The four esteemed soloists made for a well-matched quartet. More precisely, Moore’s liquid soprano with Cano’s mahogany-hued mezzo voice, and Griffey’s bright, empyrean tenor with Stark’s reedy stentorian bass. Three of them — Moore, Griffey and Stark — are all returning artists to the Symphony Hall stage with recent ASO performances to their credit. 

Griffey was a soloist in the April 2014 performances of Benjamin Britten’s “War Requiem.” Stark has performed in Atlanta twice in the early part of this year: as Monterone with the Atlanta Opera in their impressive, intense late winter production of Verdi’s Rigoletto, then again in June with the ASO as the old Hebrew man in the season-closing concert version of Camille Saint-Saëns’ opera Samson and Dalila

Moore was last heard here in June 2014 in her signature role of Aida when the ASO performed a concert version of that Verdi opera to close that subscription season. In Thursday’s concert, she performed without a net, declining use of a vocal score.

Cano is the newcomer to ASO audiences. A native of St. Louis, in 2012 she was a winner of both the 2012 Richard Tucker Career Grant and the George London Foundation competition. Cano has sung with the New York Philharmonic, Los Angeles Philharmonics, San Francisco Symphony and Orchestra of St. Luke’s and made her Metropolitan Opera debut in the 2009-10 season. Her most recent performances at the Met were as Emilia in Verdi’s Otello in September and October.

Overall, Thursday’s performance was a fine outing for all concerned, even if there were a few nagging quibbles.

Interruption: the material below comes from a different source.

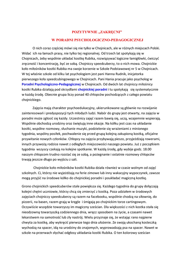 POZYTYWNIE „ZAKR CNI” W PORADNI PSYCHOLOGICZNO-PEDAGOGICZNEJ O nich coraz cz ciej mówi si nie tylko w Chojnicach, ale w ró nych miejscach Polski. Wida ich na amach prasy, nie tylko tej regionalnej. Od trzech lat spotykaj si w Chojnicach, eby wspólnie uk ada kostk Rubika, rozwi zywa logiczne amig ówki, wiczy zr czno i koncentracj , by ze sob . Chojniccy speedcuberzy, to o nich mowa. Chojnickie ko o mi ników kostki Rubika ma swoje korzenie w Szkole Podstawowej nr 5 w Chojnicach. W tej w nie szkole od kilku lat psychologiem jest pani Hanna Rudnik, inicjatorka pierwszego ko a speedcubingowego w Chojnicach. Pani Hania pracuje jako psycholog w Poradni Psychologiczno-Pedagogicznej w Chojnicach. Od dwóch lat chojniccy mi nicy kostki Rubika dzia aj pod skrzyd ami chojnickiej poradni i tu spotykaj si systematycznie w ka rod . Obecnie grupa liczy ponad 40 ch opców pochodz cych z ca ego powiatu chojnickiego. Zaj cia maj charakter psychoedukacyjny, ukierunkowane s g ównie na rozwijanie zainteresowa i predyspozycji tych m odych ludzi. Nabór do grupy jest otwarty, na zaj cia w poradni mo e zg osi si ka dy. Uczestnicy zaj razem bawi si , ucz , wzajemnie wspieraj . Wspólnie obchodz urodziny oraz wi tuj inne okazje. Na kó ku jest czas na uk adanie kostki, wspólne rozmowy, s uchanie muzyki, podzielenie si wra eniami z minionego tygodnia, wspólny posi ek, pochwalenie si przed grup kolejn zakupion kostk , oficjalne przywitanie nowych cz onków. Ch opcy na zaj cia przybywaj pieszo, przyje aj rowerami, innych przywo rodzice nawet z odleg ych miejscowo ci naszego powiatu. Ju z pocz tkiem tygodnia wszyscy czekaj na kolejne spotkanie. W ka rod , gdy wybije godz. 18.00 naszym ch opcom trudno rozsta si ze sob , a po egnanie i ostatnie rozmowy ch opców trwaj jeszcze d ugo po wyj ciu z sali. Chojnickie ko o mi ników kostki Rubika dzia a równie w czasie wolnym od zaj szkolnych. Ci, którzy nie wyje aj na ferie zimowe lub inny wakacyjny wypoczynek, zawsze mog przyj na rodowe kó ko do chojnickiej poradni i pouk ada magiczn kostk . Grono chojnickich speedcuberów stale powi ksza si . Ka dego tygodnia do grupy do czaj kolejni ch tni uczniowie, którzy chc si zmierzy z kostk . Poza udzia em w rodowych zaj ciach chojniccy speedcuberzy s razem na facebooku, wspólnie chodz na si owni , do pizzerii, na basen, razem graj w kr gle i migaj po chojnickim torze cartingowym. Oczywi cie wsz dzie towarzyszy im magiczny sze cian. Dla wi kszo ci z nich kostka sta a si nieodzown towarzyszk codziennego dnia, wr cz sposobem na ycie, a czasami nawet lekarstwem na samotno lub z y nastrój. Wielu przyznaje si , e wstaj c rano najpierw chwyta za kostk , aby wykr ci pierwsze tego dnia u enie. Ze swoj ukochan kosteczk wychodz na spacer, id na urodziny do znajomych, wyprowadzaj psa na spacer. Nawet w szkole na przerwach s ycha odg osy uk adania kostki Rubika. O ten kolorowy sze cian ch opcy bardzo dbaj : systematycznie go czyszcz , myj , smaruj , poprawiaj jego konstrukcj , aby w efekcie mo na go by o u w jak najkrótszym czasie. Wielu uczestnikom zaj kostka Rubika pozwoli a pokona swoje s abo ci, uwierzy w siebie i otworzy si na innych ludzi. Teraz ju nie trzeba nikogo przekonywa , e uk adanie kostki czyni cuda, rozwija wyobra ni , wiczy pami , wspomaga koncentracj , uczy pokory i samodyscypliny, zmusza do poszukiwania nowych rozwi za . Uk adanie kostki kszta tuje charakter, wyzwala energi i ambicje, uczy podporz dkowania si cis ym zasadom. Chojniccy speedcuberzy wiedz , co oznacza lojalno wobec siebie, wzajemne zrozumienie i prawdziwa m ska przyja . Najm odszy uczestnik chojnickiego ko a mi ników kostki Rubika ma 6 lat, za najstarsi za chwil przyst pi do egzaminu dojrza ci. Chojniccy speedcuberzy to inteligentni i kulturalni m odzi ludzie, którym pasja uk adania nie przeszkadza w osi ganiu bardzo dobrych wyników w nauce. Zdecydowana wi kszo z nich to uczniowie otrzymuj cy w szkole wiadectwa z wyró nieniem. Interesuj si muzyk , teatrem, naukami cis ymi, nowoczesnymi technologiami, znaj obce j zyki, tworz projekty, rozwi zuj skomplikowane zadania i amig ówki. Do chojnickiego ko a mi ników kostki Rubika nale uczniowie, którzy min. brali udzia w projekcie „Zdolni z Pomorza” realizowanego przez Departament Edukacji i Sportu Urz du Marsza kowskiego Województwa Pomorskiego. Chojnickie ko o speedcuberów to grupa doskonale zorganizowana, zdyscyplinowana i zintegrowana, a zarazem otwarta na nowe pomys y i zawsze ch tna do przyj cia nowych cz onków. Niektórzy uczestnicy zaj ju po trzech miesi cach uk adania kostki bior udzia w swoich pierwszych ogólnopolskich zawodach speedcubingowych. Zw aszcza tam prze amuj swoj nie mia , walcz ze stresem, a tym samym jeszcze bardziej otwieraj si na innych ludzi. Na zawodach speedcubingowych panuje zdrowa rywalizacja, ale g ównie jest to okazja do towarzyskich spotka , dobrej zabawy, nawi zywaniu nowych przyja ni. Tu w nie m odzi ludzie przyjemnie sp dzaj czas min. w gronie mistrzów speedcubingu. Z pewno ci nale y do nich rekordzista wiata w uk adaniu kostki Rubika z zamkni tymi oczami, a zarazem finalista programu „Mam talent" Marcin „Maskow” Kowalczyk. Przypomnijmy, e w lipcu 2013r. podczas I Ogólnopolskich Zawodów w Uk adaniu Kostki Rubika Chojnice Open go cili my najwi ksze s awy wiatowego speedcubingu. Marcin by naszym honorowym go ciem. Chojniccy speedcuberzy rywalizuj z najwi kszymi s awami we wszystkich oficjalnych konkurencjach. Aktualnie Chojnice mog pochwali si dwoma br zowymi medalami naszych ch opców: zdobytymi na ogólnopolskich oficjalnych zawodach speedcubingowych: Tomasz Piechowski, ucze III klasy Gimnazjum nr 1 w Chojnicach, z wielk precyzj uk ada kostk Rubika go ymi stopami, za Kamil Pieczka, ucze klasy I Gimnazjum nr 1 w Chojnicach, jest jednym z najlepszych zawodników w Polsce w uk adaniu skweba. Naszym ch opcom szczerze gratulujemy i w dalszym ci gu kibicujemy. Chojniccy mi nicy kostki Rubika w ramach poradnianych zaj rednio raz w miesi cu uczestnic

In the “Tuba mirum” passage of the second movement, there were temporal coordination issues with the offstage trumpets, positioned up in the left and right sides of the loge (first balcony). There were a few moments where Spano had to pull the quartet along with his tempo so as to bring them into sync with the orchestra.

Also, at the opening of the “Libera me,” Moore’s unmeasured one-pitch chant was curiously rapid. Later on, she faced the difficult upward octave leap to a high B-flat marked pppp. She got the pitch with good vocal color, but not the gossamer dynamic, and the high note which should linger was abruptly short.

Despite those few misgivings, which could easily disappear in tonight’s performance, this is a credible, engaging rendition of Verdi’s masterpiece which can easily be recommended as well worth the price of admission.